## ASSIGNMENT
Whenever a line contains the string "Beert", copy it out of the entries.

## TASK MATERIAL
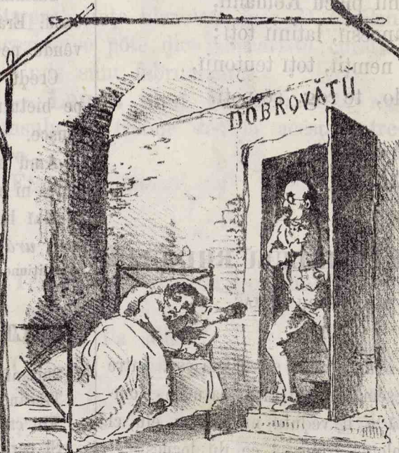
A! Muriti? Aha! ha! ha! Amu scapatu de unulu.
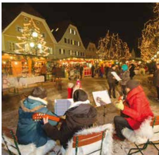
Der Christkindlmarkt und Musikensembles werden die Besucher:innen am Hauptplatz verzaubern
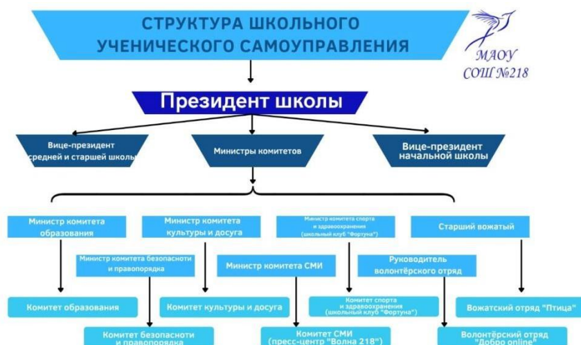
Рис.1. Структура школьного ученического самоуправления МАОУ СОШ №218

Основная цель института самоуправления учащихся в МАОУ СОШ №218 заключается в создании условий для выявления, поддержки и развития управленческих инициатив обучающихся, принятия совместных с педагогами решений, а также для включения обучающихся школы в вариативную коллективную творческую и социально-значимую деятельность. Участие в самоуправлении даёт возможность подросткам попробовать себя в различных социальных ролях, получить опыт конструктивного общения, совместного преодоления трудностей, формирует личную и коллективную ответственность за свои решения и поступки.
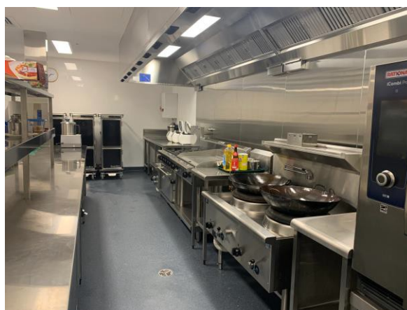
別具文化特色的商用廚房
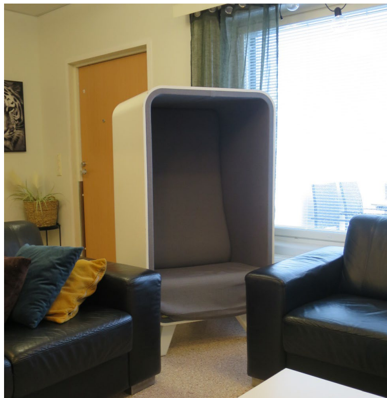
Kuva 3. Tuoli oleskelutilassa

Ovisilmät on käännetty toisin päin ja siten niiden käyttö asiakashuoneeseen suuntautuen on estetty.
---
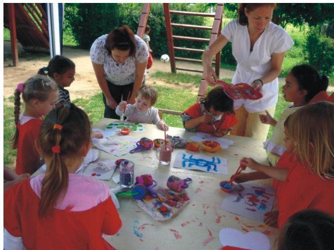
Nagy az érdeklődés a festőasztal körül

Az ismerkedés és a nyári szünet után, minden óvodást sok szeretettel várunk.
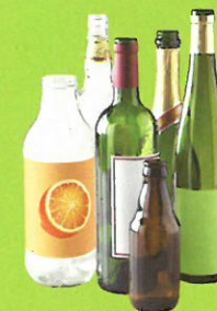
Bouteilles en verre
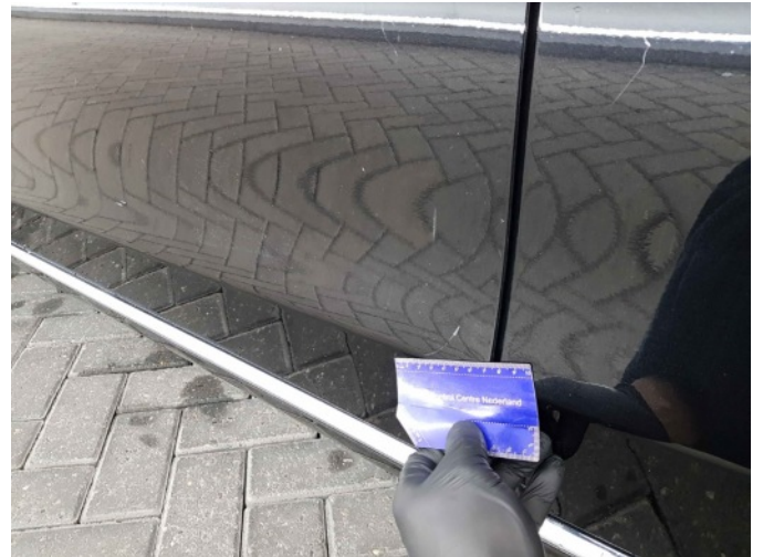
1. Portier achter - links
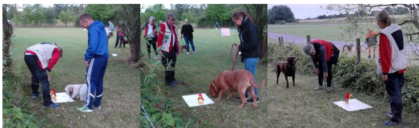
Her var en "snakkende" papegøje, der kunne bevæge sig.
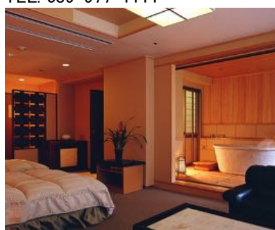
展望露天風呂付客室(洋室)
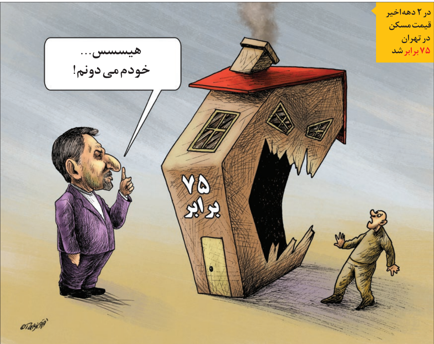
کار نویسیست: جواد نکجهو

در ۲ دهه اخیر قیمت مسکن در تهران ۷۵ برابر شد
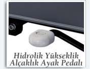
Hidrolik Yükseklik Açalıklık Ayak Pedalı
--
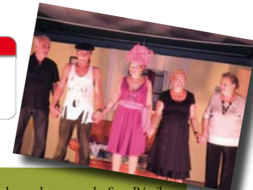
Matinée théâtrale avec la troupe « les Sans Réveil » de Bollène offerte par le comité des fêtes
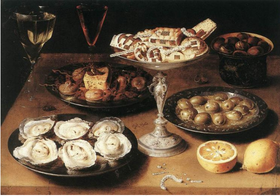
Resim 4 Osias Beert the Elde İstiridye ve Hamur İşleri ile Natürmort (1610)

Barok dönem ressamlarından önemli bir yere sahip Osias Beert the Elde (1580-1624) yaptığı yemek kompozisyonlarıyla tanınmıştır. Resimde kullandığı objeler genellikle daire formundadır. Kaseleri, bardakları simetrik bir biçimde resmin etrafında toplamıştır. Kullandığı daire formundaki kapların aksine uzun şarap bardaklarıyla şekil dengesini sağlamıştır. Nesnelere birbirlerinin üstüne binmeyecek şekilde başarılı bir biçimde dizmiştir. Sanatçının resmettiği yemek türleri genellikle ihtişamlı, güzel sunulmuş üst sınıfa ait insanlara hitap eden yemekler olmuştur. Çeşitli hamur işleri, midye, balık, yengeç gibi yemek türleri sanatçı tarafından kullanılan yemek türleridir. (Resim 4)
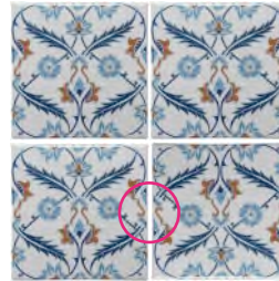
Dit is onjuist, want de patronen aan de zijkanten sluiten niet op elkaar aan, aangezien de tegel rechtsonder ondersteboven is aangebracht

## SOLUTION BELOW
Resim 4 Osias Beert the Elde İstiridye ve Hamur İşleri ile Natürmort (1610)
Barok dönem ressamlarından önemli bir yere sahip Osias Beert the Elde (1580-1624) yaptığı yemek kompozisyonlarıyla tanınmıştır. Resimde kullandığı objeler genellikle daire formundadır. Kaseleri, bardakları simetrik bir biçimde resmin etrafında toplamıştır. Kullandığı daire formundaki kapların aksine uzun şarap bardaklarıyla şekil dengesini sağlamıştır. Nesnelere birbirlerinin üstüne binmeyecek şekilde başarılı bir biçimde dizmiştir. Sanatçının resmettiği yemek türleri genellikle ihtişamlı, güzel sunulmuş üst sınıfa ait insanlara hitap eden yemekler olmuştur. Çeşitli hamur işleri, midye, balık, yengeç gibi yemek türleri sanatçı tarafından kullanılan yemek türleridir. (Resim 4)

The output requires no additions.